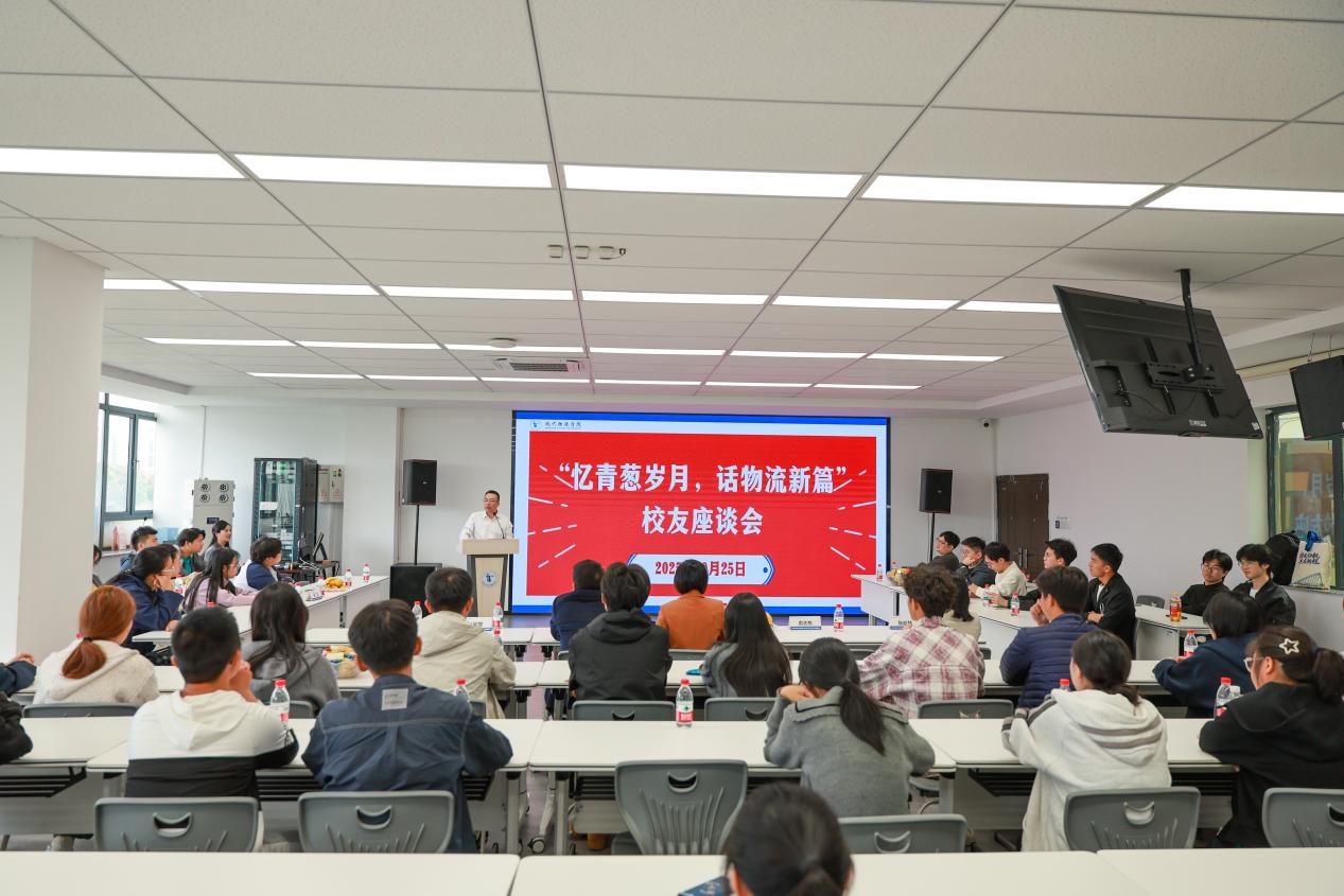 随后以“忆青葱岁月,话物流新篇”为主题的现代物流学院2025年校友座谈会在控制科技楼4306教室隆重举行。现代物流学院全体领导班子与教师代表,同校友们欢聚一堂,气氛温馨而热烈。
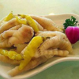 凤爪表面冲洗干净,放入提前准备冰水浸泡(冰水是凉白开或者纯净水冰箱冷冻)
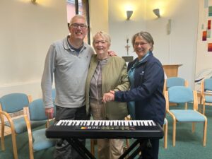 A new keyboard, kindly donated by Maureen Ashmore and her family via George Eliot Hospital Charity, is helping to transform the popular Singing for Breathing sessions for respiratory patients and those experiencing breathlessness at George Eliot Hospital. The gift honours Maureen’s late husband, Keith Ashmore, a much-loved respiratory patient who
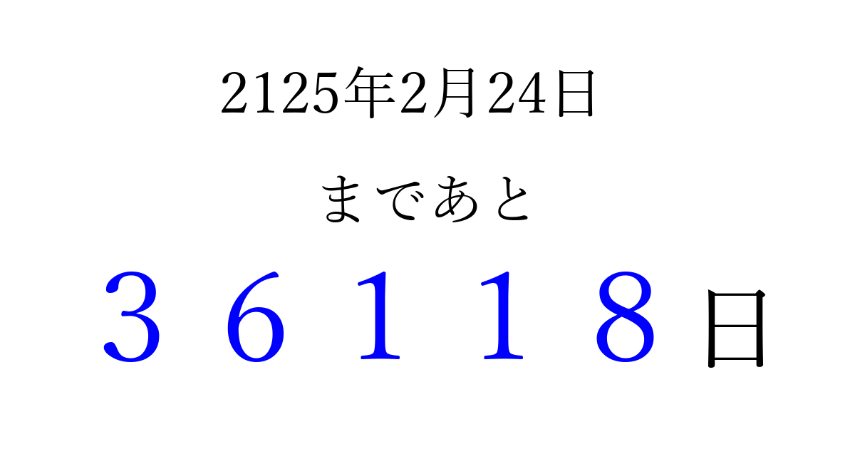 2125年2月24日(土)まで あと 99999 日です 追加すると、トップページからすぐ選べるようになります ※2026/04/06現在の結果です。 最新の状態に更新する ↓シェアして、タイムライン上にカウントダウンを表示しよう!↓ 📤 この結果を共有する Tweet シェア Threads Bluesky 別の日付でカウントダウン 2125年2月のカレンダー このページをブックマークに追加すると、いつでもカウントダウンを確認できます。 (PC: Ctrl+D / Mac: ⌘+D) hitome-notes.comでは以下のページも運営しています。 指定日と期間から日付を計算 | ガチャ確率計算・シミュレーション | プライバシー・ポリシー 運営者:Avocado
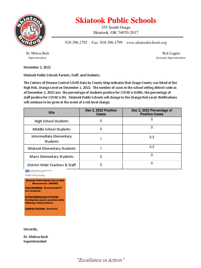 Skiatook Public Schools Dec 2 2022 COVID 19 Risk Level Statement PDF
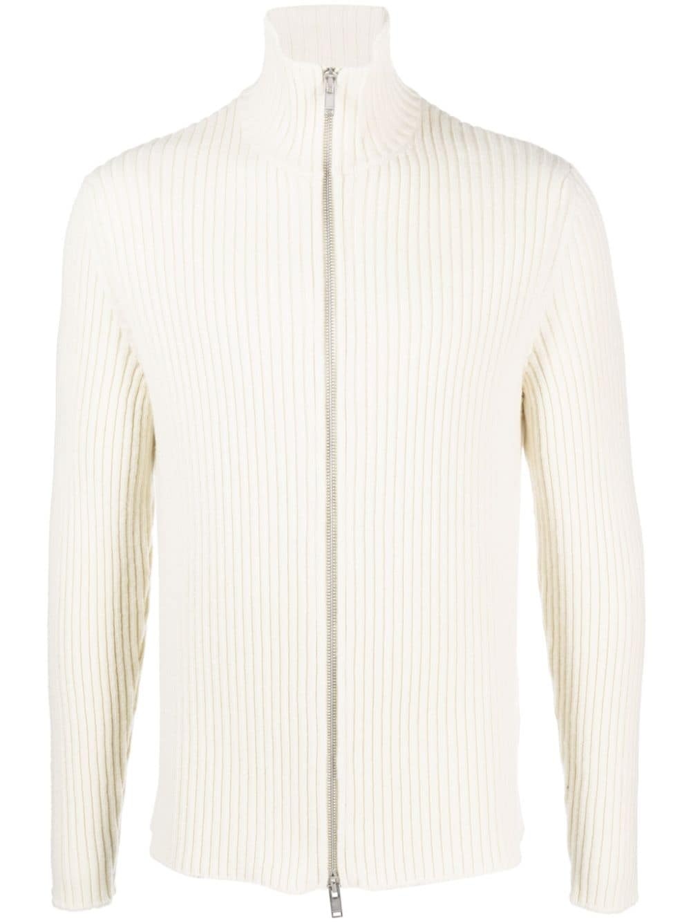 high-neck zip-up cardigan Highlights - Cream white - Wool - Chunky ribbed knit - High neck - Front two-way zip fastening - Long sleeves - Straight hem Made in Italy Composition Wool 100% SIZE & FIT Model measurements Height 6 ft 2 in(1.87 m) Bust/Chest 36.41 in(92.5 cm) Hips 35.43 in(90 cm) Waist 29.52 in(75 cm) FittingInformation Designed for a slim fit, offering a comfortable fit that sits just away from the body Made with a midweight knit, this piece offers some stretch This piece fits true to size – take your usual size Measurement CHEST 34.64 in(88 cm) SLEEVE LENGTH 26.37 in(67 cm) LENGTH 27.16 in(69 cm) Washing instructions Dry Clean Only

════════

• **What the exercise asks**: What you hand back should match the listing exactly, except that no pictures appear.

• **Answer to the problem**:
 随后以“忆青葱岁月,话物流新篇”为主题的现代物流学院2025年校友座谈会在控制科技楼4306教室隆重举行。现代物流学院全体领导班子与教师代表,同校友们欢聚一堂,气氛温馨而热烈。
 凤爪表面冲洗干净,放入提前准备冰水浸泡(冰水是凉白开或者纯净水冰箱冷冻)
 A new keyboard, kindly donated by Maureen Ashmore and her family via George Eliot Hospital Charity, is helping to transform the popular Singing for Breathing sessions for respiratory patients and those experiencing breathlessness at George Eliot Hospital. The gift honours Maureen’s late husband, Keith Ashmore, a much-loved respiratory patient who
 2125年2月24日(土)まで あと 99999 日です 追加すると、トップページからすぐ選べるようになります ※2026/04/06現在の結果です。 最新の状態に更新する ↓シェアして、タイムライン上にカウントダウンを表示しよう!↓ 📤 この結果を共有する Tweet シェア Threads Bluesky 別の日付でカウントダウン 2125年2月のカレンダー このページをブックマークに追加すると、いつでもカウントダウンを確認できます。 (PC: Ctrl+D / Mac: ⌘+D) hitome-notes.comでは以下のページも運営しています。 指定日と期間から日付を計算 | ガチャ確率計算・シミュレーション | プライバシー・ポリシー 運営者:Avocado
 Skiatook Public Schools Dec 2 2022 COVID 19 Risk Level Statement PDF
 high-neck zip-up cardigan Highlights - Cream white - Wool - Chunky ribbed knit - High neck - Front two-way zip fastening - Long sleeves - Straight hem Made in Italy Composition Wool 100% SIZE & FIT Model measurements Height 6 ft 2 in(1.87 m) Bust/Chest 36.41 in(92.5 cm) Hips 35.43 in(90 cm) Waist 29.52 in(75 cm) FittingInformation Designed for a slim fit, offering a comfortable fit that sits just away from the body Made with a midweight knit, this piece offers some stretch This piece fits true to size – take your usual size Measurement CHEST 34.64 in(88 cm) SLEEVE LENGTH 26.37 in(67 cm) LENGTH 27.16 in(69 cm) Washing instructions Dry Clean Only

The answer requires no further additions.